Tag Archives: Myron Bolitar

‘Live Wire,’ by Harlan Coben

Live Wire

Another Harlan Coben novel, this time in his Myron Bolitar series. Myron is a sports, literary, and actors’ agent, and for some reason he keeps getting involved in investigating crimes. This one hits closer to home than most.

Live Wire begins with an appeal from “Suzze T,” a tennis star client married to a rock star. Suzze recently gave birth to a baby, and someone posted a comment on her Facebook page, saying that the baby is “not his.” Just a troll, you’d think, but now her husband has disappeared. Can Myron find him and bring him back?

As he investigates the husband’s last known movements, Myron gets a look at a night club closed circuit surveillance recording, and sees a familiar face – his sister-in-law, Kitty, also once a tennis star. Myron hasn’t seen Kitty or his brother in fifteen years. Myron didn’t trust her, and made accusations. The last time he saw his brother, he broke his nose. Now he wants nothing more than to see him again and apologize.

But Kitty is hard to find, and she has secrets. And then somebody dies, and the whole mystery plunges into a tangle of old and toxic secrets, while a ruthless killer lurks in the background. Of course Myron has his own dangerous weapon, in the person of his best friend, Win Lockwood.

Live Wire is in many ways a heartbreaking story, well told. Coben’s usual themes of loyalty and family love are front and center. LW also serves as a launching pad for Coben’s young adult mystery series starring Myron’s nephew Mickey Bolitar. Recommended.

‘Darkest Fear,’ by Harlan Coben

Darkest Fear

Her blue-black hair fell in big, loose curls, like thermal fax paper fresh out of the machine.

This is more like it.

I positively reviewed Harlan Coben’s latest Myron Bolitar novel, Home, a few days back. My only real quibble with the book was that the author seemed to be taking particular pains to virtue-signal – to demonstrate very obviously his politically acceptable views on gay marriage and cultural appropriation.

This earlier novel, Darkest Fear, avoids most of that. It’s just a fun mystery/thriller.

This time out, Myron is contacted by an old girlfriend, to whom he has no desire to talk. Not only did she break his heart years ago, but she broke it in favor of the guy who was responsible for the knee injury that ended Myron’s basketball career before it started. But now she insists on seeing him. She has a teenaged son who suffers from a fatal bone marrow disease. Only a marrow transplant can save him. One genetic match has been found in this country, but that person has inexplicably dropped off the grid.
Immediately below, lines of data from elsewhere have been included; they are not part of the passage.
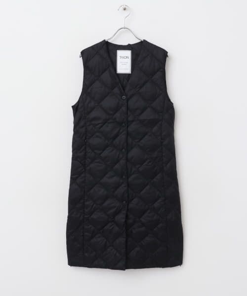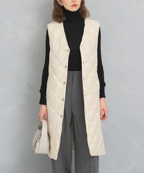 女性らしさを演出する、ロングダウンベスト。脇ファスナーを開閉することで、スリットが入り幅広いレイヤースタイルが楽しめます。軽さや吸い付くような肌触りを追及し、斜めキルトを採用することで、シックでクラシカルなイメージに仕上げています。
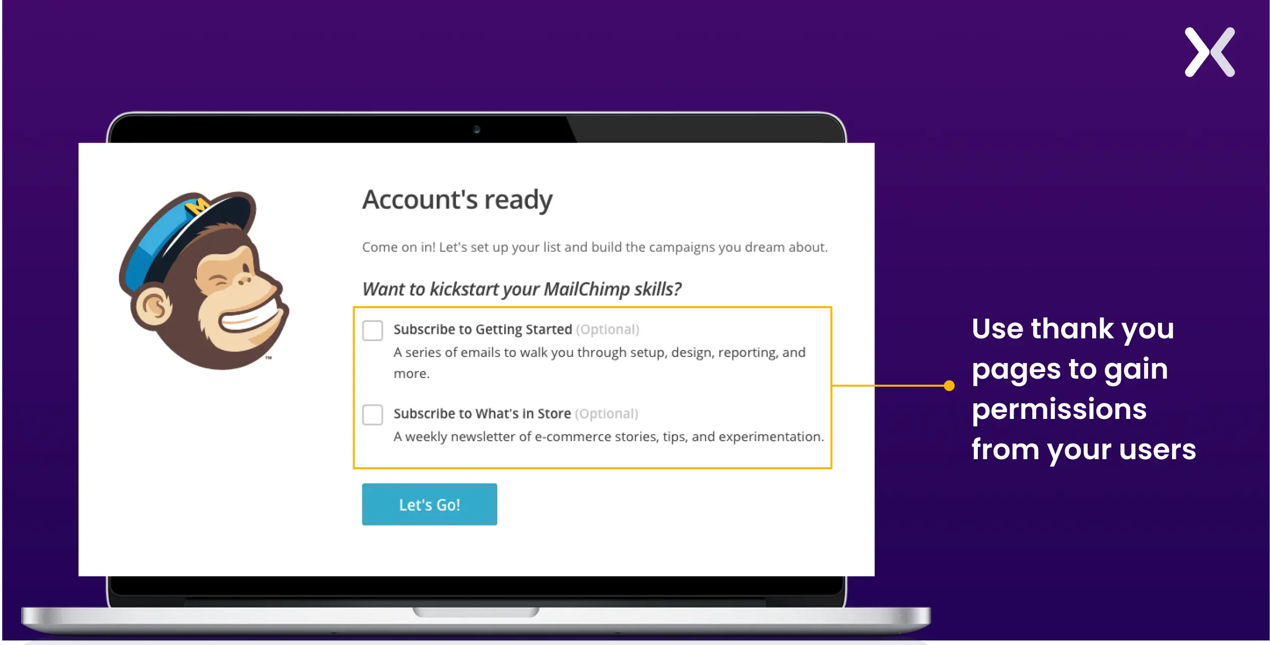 The thank you page offers an opportunity to gain this permission and learn more about user preferences.
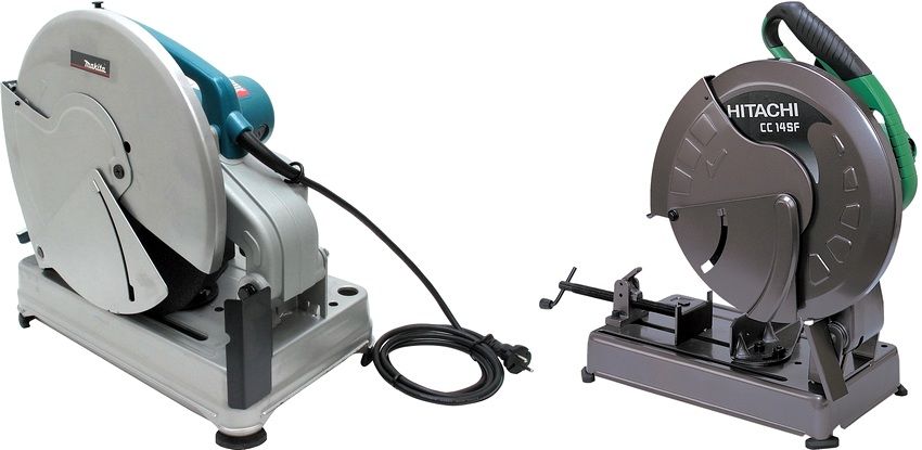 Modelos populares de sierras de corte para metal: izquierda - Makita 2414NB, derecha - Hitachi CC14SF
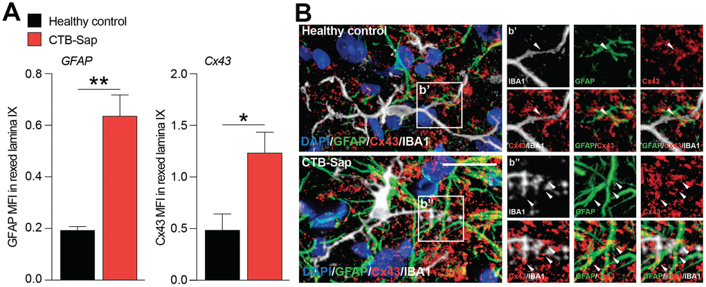 Herein we investigated Cx43, the most abundant GJs- and HCs-forming protein of the central nervous system, and its possible role in human ALS, as well as in the CTB-Sap model [13, 14]. We have shown that Cx43-reactive expression may represent the biological substrate underlying reactive glial activation and neuronal suffering in neurodegenerative diseases.
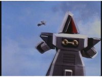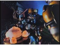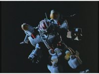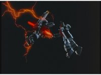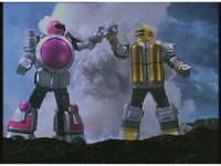 Pan right as Super Zeozords One & Two slowly beat on Mechanizer. |
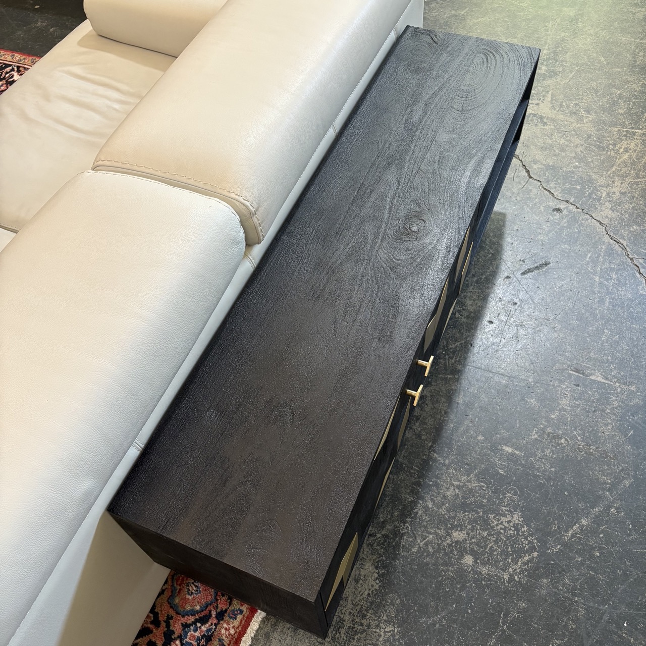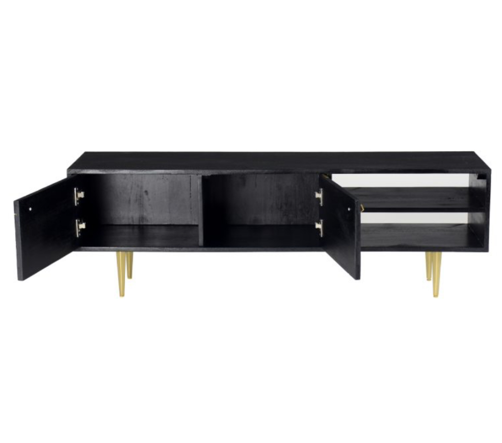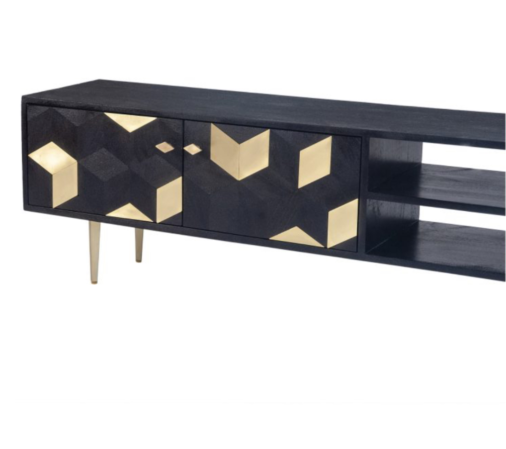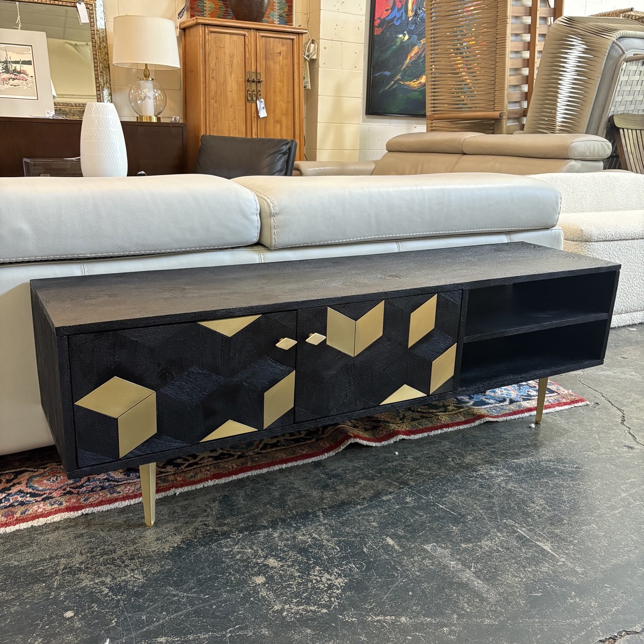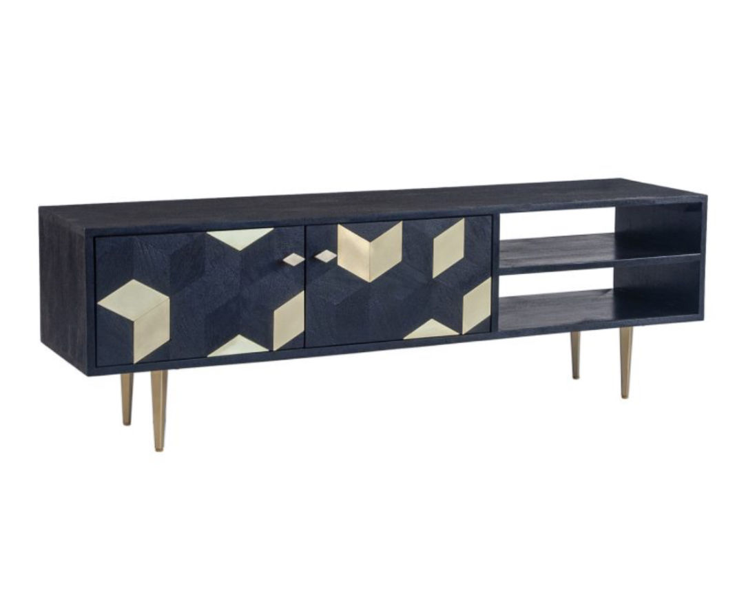 - Chic Art Deco inspired media cabinet with 2 doors and plenty of storage space
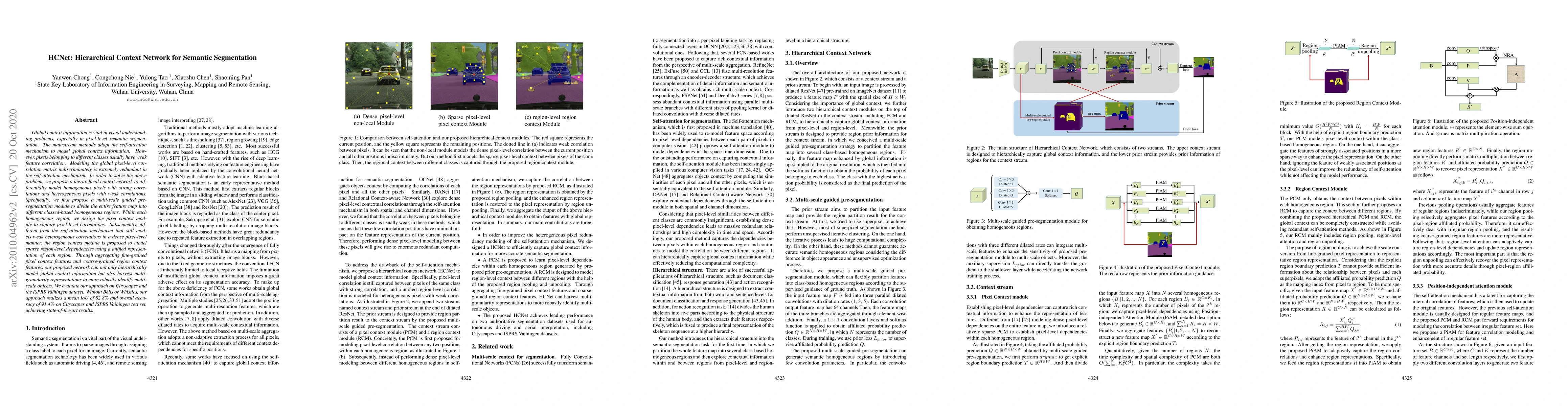 The HCNet proposes a hierarchical context network to enhance semantic segmentation by differentially modeling strong pixel correlations within homogeneous regions and sparse region-level dependencies for heterogeneous regions, achieving state-of-the-art mean IoU of 82.8% and overall accuracy of 91.4% on Cityscapes and ISPRS Vaihingen datasets.
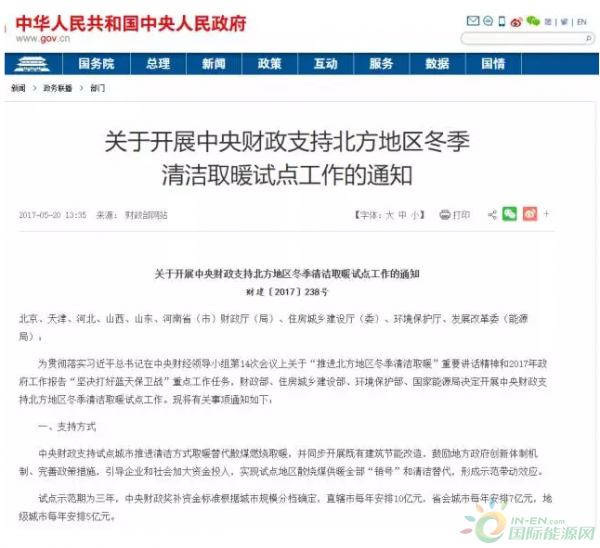 今年5月份,國家發(fā)布《關(guān)于開展中央財政支持北方地區(qū)冬季清潔取暖試點(diǎn)工作的通知》。
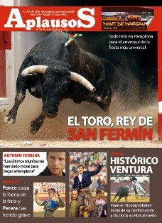 Esta semana la revista APLAUSOS contiene un completo especial sobre la Feria de la Madeleine de Mont de Marsan, que incluye diferentes contenidos y reportajes. Entre ellos, la revista ha publicado todos los toros que se van a lidiar en un ciclo que comienza el próximo viernes 16. Hablan de La Madeleine en exclusivas entrevistas, los toreros Enrique Ponce y El Juli, así como la alcaldesa, la empresaria María Sara o el Presidente de la Comisión, Guillaume FranÁ§ois. Un reportaje histórico repasa las vivencias de una plaza inaugurada en 1889. Además, comprobaremos el ambiente que se vive en ese ya conocido «Campo de Feria». APLAUSOS recoge las impresiones de Antonio Ferrera de cara a su próximo compromiso en los sanfermines, una plaza clave en su carrera, una cita que afronta «con la tranquilidad de saber que estoy en el camino que quiero y eso me tranquiliza», asegura el torero extremeño, que dice encontrarse en un momento en el que «me siento muy identificado conmigo mismo». Otro de los protagonistas de la semana es el nuevo matador de toros Alejandro Esplá: «No aspiro a igualar a mi padre. Sería casi imposible. Él ha hecho su carrera y yo haré la mía con mis méritos», afirma en su entrevista. La presentación de los carteles en Barcelona de la Feria de Ceret y un reportaje sobre la oferta cultural-taurina de Roquetas de Mar son otros de los temas de esta semana en el actual número de APLAUSOS. Además, toda la información de actualidad de las ferias de Burgos, Madrid, Arévalo, Teruel, Segovia, Barcelona y la ya histórica confirmación de alternativa de Diego Ventura en Lisboa. Como es habitual, se cuenta con las firmas de opinión de José Luis Benlloch, Manolo Molés, Carlos Ruiz Villasuso, Barquero y Paco Mora.

Oh, and one further thing – Myron is actually the boy’s natural father.

Myron picks up the quest, which leads to a wealthy and secretive family, and to a series of unsolved serial killings. Several people may be the real killer – and the killer may even be the donor.

Darkest Fear is a fun story, full of excitement, humor, and heart. I enjoyed it immensely. Language is relatively mild, and adult situations not too extreme.

‘Home,’ by Harlan Coben

Home, Coben

Part way through my reading of Home, Harlan Coben’s latest Myron Bolitar novel, I remembered that I had sworn off these books not too long ago. It’s not that Coben isn’t a superior storyteller. And it’s not that he doesn’t offer the kind of character insight and humanity that I crave from an author. I just felt he’d gotten too PC for my taste. But I carried on, having purchased the book, and enjoying the story. Home is a good novel, but marred (for me, probably not for most readers) by progressive elements.

In this outing, we start with Win Lockhart, Myron’s wealthy, effete-but-deadly, longtime friend. Win has dropped out of sight to hunt for a missing person, his sister’s kidnapped son, gone ten years. His search has brought him to London, where he locates a boy who looks to him like his nephew’s friend, also kidnapped on the same occasion. In approaching the boy, he encounters three thugs, whom he easily dispatches. But the boy takes fright and runs away. That’s when Win calls Myron, who drops everything and flies to London to help in the search.

They encounter criminals and pimps in their investigation, but most of all they encounter lies. The lies are old, and deeply buried, and the true secrets lie not in London, but close to home. Old wounds are opened, and old betrayals revealed. The final resolution of the story is remarkable for its grace – but there’s a less inspirational anticlimax.

Home is a very good book. Author Coben possesses deep empathy for the human situation, drawing the reader in and making us care. My problem is mainly with two characters, Esperanza and Big Cindy, who are a married lesbian couple. I suspect they were originally added to the cast of the books for purposes of comic relief. But changing times have persuaded the author to treat them with increasing earnest seriousness. For me, this is a conformist and disappointing element in stories this good and well-grounded in human nature. Various hints suggest that Coben himself does not entirely buy into modern ideas about gender and gender roles, but he nevertheless genuflects to all the prescribed altars, in this and other matters.

Other than that, highly recommended. Coben doesn’t use much bad language, and the sex and violence are relatively restrained.